LAST_VALUE(price) OVER (PARTITION BY product_id ORDER BY timestamp)
But I don't seem to find any way to do a "cumulative latest non-null value" in the window (to bound the window to the preceding rows, rather than the entire partition)
Aside from creating a table-valued user defined function, is there any builtin that would accomplish this?
UPDATE:
Apparently, this functionality is available in the 'Denali' CTP, but not in SQL Server 2008 R2.
LAST_VALUE http://msdn.microsoft.com/en-us/library/hh231517%28v=SQL.110%29.aspx
I just expected it to be available in SQL Server 2008. It's available in Oracle (since 10gR2 at least), and I can do something similar in MySQL 5.1, using a local variable.

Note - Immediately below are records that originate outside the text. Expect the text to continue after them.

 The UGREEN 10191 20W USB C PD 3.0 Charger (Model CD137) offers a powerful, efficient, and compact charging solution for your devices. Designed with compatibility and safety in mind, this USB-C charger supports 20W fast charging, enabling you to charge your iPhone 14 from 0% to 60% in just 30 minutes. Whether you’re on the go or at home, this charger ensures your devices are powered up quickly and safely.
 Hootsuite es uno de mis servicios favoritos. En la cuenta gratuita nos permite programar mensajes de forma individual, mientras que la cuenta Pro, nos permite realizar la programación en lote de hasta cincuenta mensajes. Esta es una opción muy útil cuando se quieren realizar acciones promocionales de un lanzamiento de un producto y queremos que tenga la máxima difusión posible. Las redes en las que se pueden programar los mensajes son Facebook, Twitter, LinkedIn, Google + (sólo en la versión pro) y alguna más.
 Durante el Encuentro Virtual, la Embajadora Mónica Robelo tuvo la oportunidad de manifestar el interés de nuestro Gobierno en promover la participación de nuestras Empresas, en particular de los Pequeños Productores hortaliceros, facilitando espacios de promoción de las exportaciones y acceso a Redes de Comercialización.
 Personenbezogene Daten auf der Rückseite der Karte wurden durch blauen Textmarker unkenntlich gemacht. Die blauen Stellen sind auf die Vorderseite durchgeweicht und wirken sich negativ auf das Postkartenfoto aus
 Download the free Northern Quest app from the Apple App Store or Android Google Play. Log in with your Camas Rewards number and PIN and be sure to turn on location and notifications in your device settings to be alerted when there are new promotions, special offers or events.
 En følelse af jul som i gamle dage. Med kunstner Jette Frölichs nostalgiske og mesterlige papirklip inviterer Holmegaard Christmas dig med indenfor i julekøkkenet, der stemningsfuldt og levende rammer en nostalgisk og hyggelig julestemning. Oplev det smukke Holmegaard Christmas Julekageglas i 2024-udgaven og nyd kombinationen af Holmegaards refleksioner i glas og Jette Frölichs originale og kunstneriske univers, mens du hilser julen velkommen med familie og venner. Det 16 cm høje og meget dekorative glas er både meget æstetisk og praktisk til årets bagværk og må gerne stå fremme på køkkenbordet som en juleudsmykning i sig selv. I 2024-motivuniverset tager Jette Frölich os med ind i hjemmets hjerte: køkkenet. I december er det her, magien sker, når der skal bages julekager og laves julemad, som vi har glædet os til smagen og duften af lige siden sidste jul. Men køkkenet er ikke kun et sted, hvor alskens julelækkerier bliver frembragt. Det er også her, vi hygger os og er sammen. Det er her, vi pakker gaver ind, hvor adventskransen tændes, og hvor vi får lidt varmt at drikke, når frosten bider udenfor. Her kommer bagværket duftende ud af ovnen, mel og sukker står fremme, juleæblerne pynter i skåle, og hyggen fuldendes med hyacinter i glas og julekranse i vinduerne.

http://download.oracle.com/docs/cd/E14072_01/server.112/e10592/functions083.htm
You can try the following:
* Updated **
-- Test Data
DECLARE #YourTable TABLE(Product INT, Timestamp DATETIME, Price NUMERIC(16,4))
INSERT INTO #YourTable
SELECT 5678, '20080101 12:00:00', 12.34
UNION ALL
SELECT 5678, '20080101 12:01:00', NULL
UNION ALL
SELECT 5678, '20080101 12:02:00', NULL
UNION ALL
SELECT 5678, '20080101 12:03:00', 23.45
UNION ALL
SELECT 5678, '20080101 12:04:00', NULL
;WITH CTE AS
(
SELECT *
FROM #YourTable
)
-- Query
SELECT A.Product, A.Timestamp, ISNULL(A.Price,B.Price) Price
FROM CTE A
OUTER APPLY ( SELECT TOP 1 *
FROM CTE
WHERE Product = A.Product AND Timestamp < A.Timestamp
AND Price IS NOT NULL
ORDER BY Product, Timestamp DESC) B
--Results
Product Timestamp Price
5678 2008-01-01 12:00:00.000 12.3400
5678 2008-01-01 12:01:00.000 12.3400
5678 2008-01-01 12:02:00.000 12.3400
5678 2008-01-01 12:03:00.000 23.4500
5678 2008-01-01 12:04:00.000 23.4500
I have a table containing the following data. I want to update all nulls in salary columns with previous value without taking null value.
Table:
id name salary
1 A 4000
2 B
3 C
4 C
5 D 2000
6 E
7 E
8 F 1000
9 G 2000
10 G 3000
11 G 5000
12 G
here is the query that works for me.
select a.*,first_value(a.salary)over(partition by a.value order by a.id) as abc from
(
select *,sum(case when salary is null then 0 else 1 end)over(order by id) as value from test)a
output:
id name salary Value abc
1 A 4000 1 4000
2 B 1 4000
3 C 1 4000
4 C 1 4000
5 D 2000 2 2000
6 E 2 2000
7 E 2 2000
8 F 1000 3 1000
9 G 2000 4 2000
10 G 3000 5 3000
11 G 5000 6 5000
12 G 6 5000
Try this:
;WITH SortedData AS
(
SELECT
ProductID, TimeStamp, Price,
ROW_NUMBER() OVER(PARTITION BY ProductID ORDER BY TimeStamp DESC) AS 'RowNum'
FROM dbo.YourTable
)
UPDATE SortedData
SET Price = (SELECT TOP 1 Price
FROM SortedData sd2
WHERE sd2.RowNum > SortedData.RowNum
AND sd2.Price IS NOT NULL)
WHERE
SortedData.Price IS NULL
Basically, the CTE creates a list sorted by timestamp (descending) - the newest first. Whenever a NULL is found, the next row that contains a NOT NULL price will be found and that value is used to update the row with the NULL price.